Coleman's 2002 plan had been to avenge his 1998 loss of the Minnesota governorship to Jesse Ventura, the wrestler-turned-third-party-pol who has yet to decide whether he will seek a second term this year. (There was speculation at one point that Ventura might challenge Wellstone on the Independence Party ticket, but the talk fizzled. If Ventura seeks a new term, an Independence Party Senate candidate might still draw votes--most likely from Coleman. By the same token, a Green candidate could shave some votes off Wellstone's total. But third-party candidates are not expected to gain much traction arguing that voters lack a choice between Wellstone and Coleman.)

When Coleman switched ambitions under pressure from the White House, even Republicans said he would not be helped much by being identified as "Bush's boy" in a state that tends to favor politicians who think for themselves. But things changed after September 11. As Bush's approval ratings soared, Coleman wrapped himself in the cloak of presidential popularity--and perks. When Bush made his second Coleman-promoting trip to the state this March, banners announced Minnesota Is George W. Bush and Norm Coleman Country. The ex-mayor stepped off Air Force One with Bush, and stuck by his supporter-in-chief like glue through a day that culminated with Bush's raising $1.2 million for Coleman and another $800,000 in soft money for GOP efforts on his behalf. Former President George Bush headlined an October fundraiser in St. Paul for Coleman, and Cheney signed a fundraising appeal.
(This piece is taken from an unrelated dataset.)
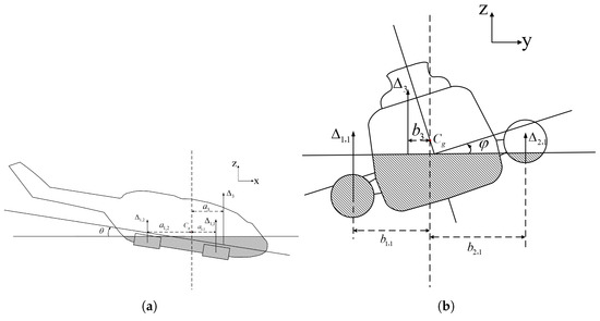where denotes the drainage volume of the helicopter or each airbag, a and b represent, respectively, the displacement between the centroid of each drainage volume and the mass center of the helicopter. As shown in Figure 1, is the mass center of the helicopter, is the trim angle that satisfies Equation (6), is the heel angle, the subscripts mean different parts, where ‘3’ refers to the helicopter, ‘’ refers to the right airbag in Figure 1a and the left in Figure 1b, and so on; ‘’ to ‘’ are the other airbags.

Rove steered special-interest contributions--especially those from an energy industry angered by Wellstone's decadelong battle against oil drilling in the Arctic National Wildlife Refuge--toward accounts established to aid the man Minnesota media call "Bush's favored-son candidate." Minnesota political observers predict Coleman's campaign will spend $10 million, while another $5 million will be spent by the GOP and anti-Wellstone interests. Anti-Wellstone attack ads are already on TV, and the hits will keep on coming. Republicans say Wellstone's decision to seek a third term--after having stated years ago that he only planned to serve two--is evidence that the maverick Senator has "gone Washington." It's a tough sell, considering Coleman's party switch, but Richman says, "They'll hit Paul from now until November--above the belt and below the belt."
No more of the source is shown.